● Work required: Your copy should start at the line with "改造后的街头，鲜花伴人行，国旗迎风飘扬。" and end at the line with "插拔式连接器，标称工作电流: 4 A，位数: 4，针距: 2.5" in the data below. Transcribe only those lines, exactly, pictures excluded.

Start of Records for the task

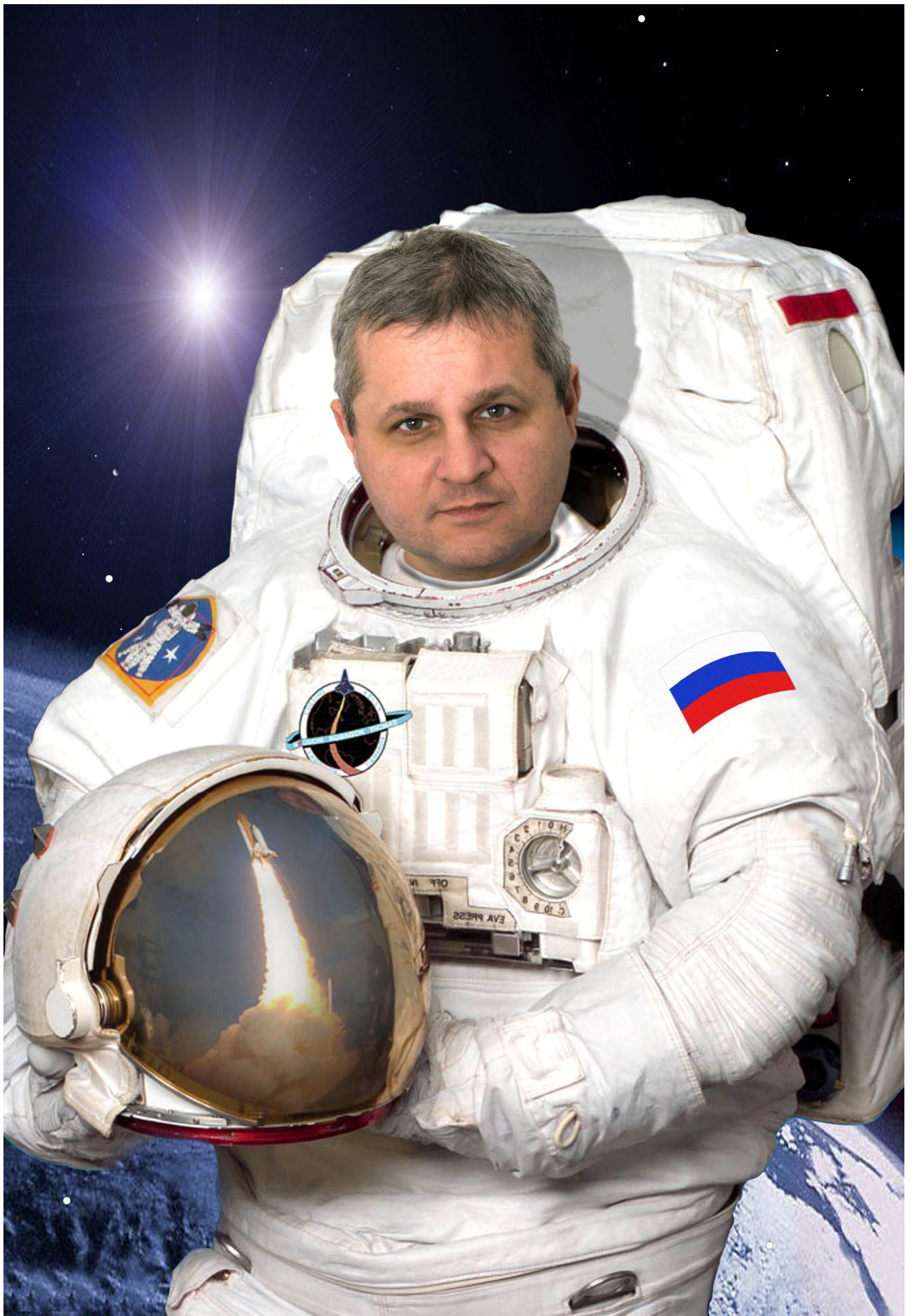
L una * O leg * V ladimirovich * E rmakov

End of Records for the task
Start of Records for the task

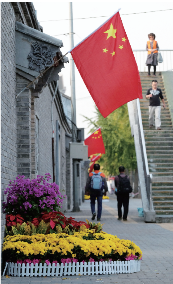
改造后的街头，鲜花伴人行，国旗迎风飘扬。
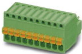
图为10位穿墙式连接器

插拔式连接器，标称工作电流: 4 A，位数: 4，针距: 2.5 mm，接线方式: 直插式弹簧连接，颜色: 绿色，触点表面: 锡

End of Records for the task

● Exercise answer:
改造后的街头，鲜花伴人行，国旗迎风飘扬。
图为10位穿墙式连接器

插拔式连接器，标称工作电流: 4 A，位数: 4，针距: 2.5 mm，接线方式: 直插式弹簧连接，颜色: 绿色，触点表面: 锡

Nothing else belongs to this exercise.